NAIROBI, Kenya — Along Nairobi's dusty Ngong Road, so many start-up incubators and IT labs have popped up that the busy neighborhood has been nicknamed "Silicon Savannah."
Techies, geeks and innovators race one another to come up with the next big thing. They rush from meeting to meeting, work late, skip weekends. Every other day there's a pitch night for tech start-ups, a creative Web workshop, or a meeting of mobile app developers.
The result is a surge in innovative Kenyan apps, most designed to work with the not-so-smart phones most Kenyans can afford.
There's iCow, a virtual veterinary advice service that coaches small farmers on how to tend their dairy herds, avoid illness and improve production. And mFarm, which helps small farmers determine the right price for their produce, find buyers and sell it. And Huduma, which allows people to report and map government service failures such as water cutoffs and potholes, and track how long it takes to fix the problem.
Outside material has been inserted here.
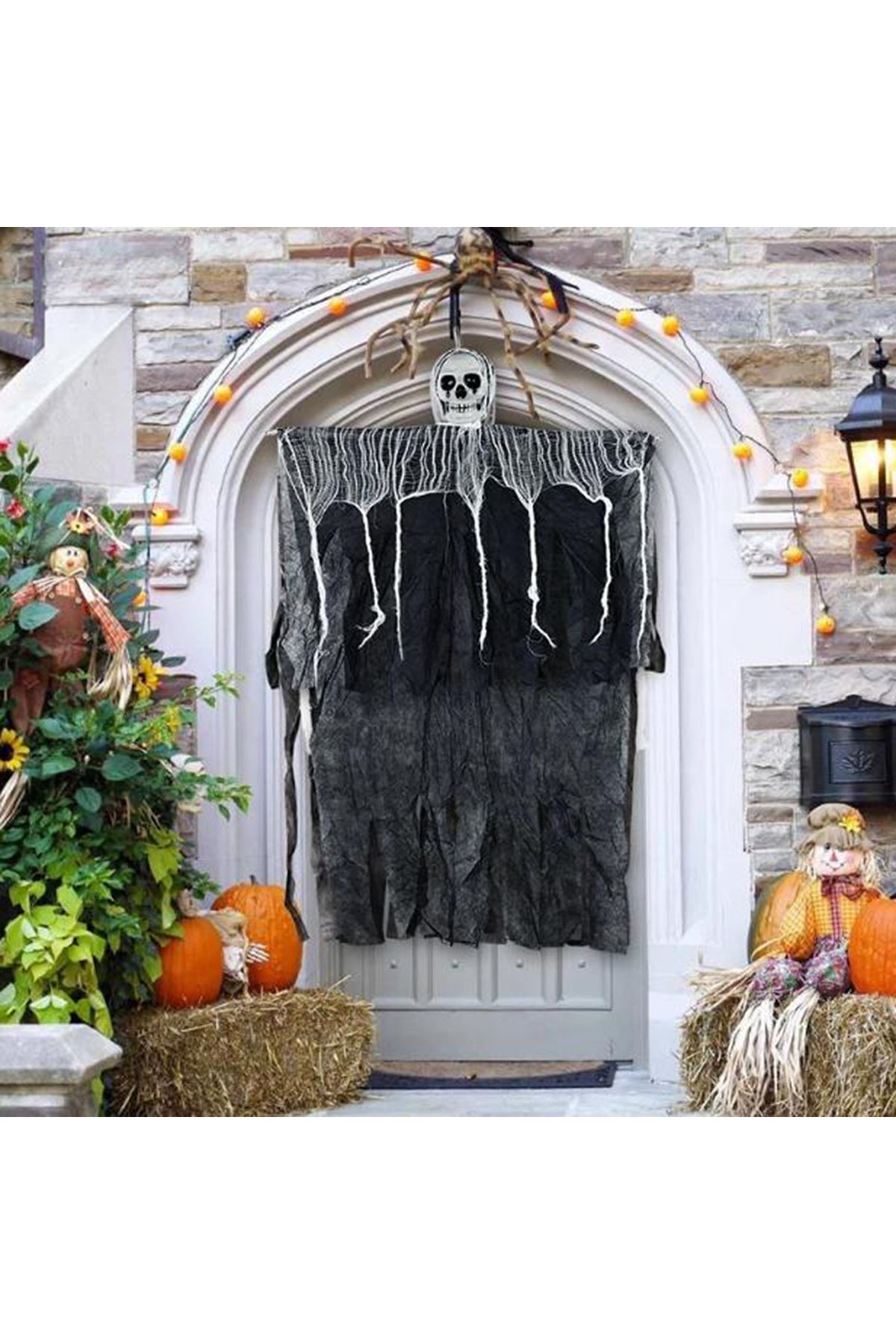 Ürpertici Kuru Kafa Korku Hayalet Saçaklı Dekor 90x50 cm

Why is this happening in Kenya? People here have two words: Bitange Ndemo.
In his youth, Ndemo gave up on his country and went to study in America. Kenya was too corrupt, too undisciplined to make it, he thought. The contrast with America seemed stark. Now Ndemo, the 52-year-old head of the Ministry of Information and Communications Technology, is at the heart of Kenya's startling IT revolution.
In a region where bureaucrats often do more to constrain change than to encourage it, IT leaders here speak of Ndemo in reverential tones. Erik Hersman, co-founder of Kenya's best-known technology hub and the son of American missionaries, says the nation's expansion in IT couldn't have happened without Ndemo.
"We are in that phase where the government is fully onboard with the tech revolution that is happening, but also the people, normal citizens, are really embracing change," Hersman said.
"I have to give it to [Ndemo]. That guy, over the past five years has really pushed things along, and other people — regulatory bodies and the government itself — have seen this and gone with him on it."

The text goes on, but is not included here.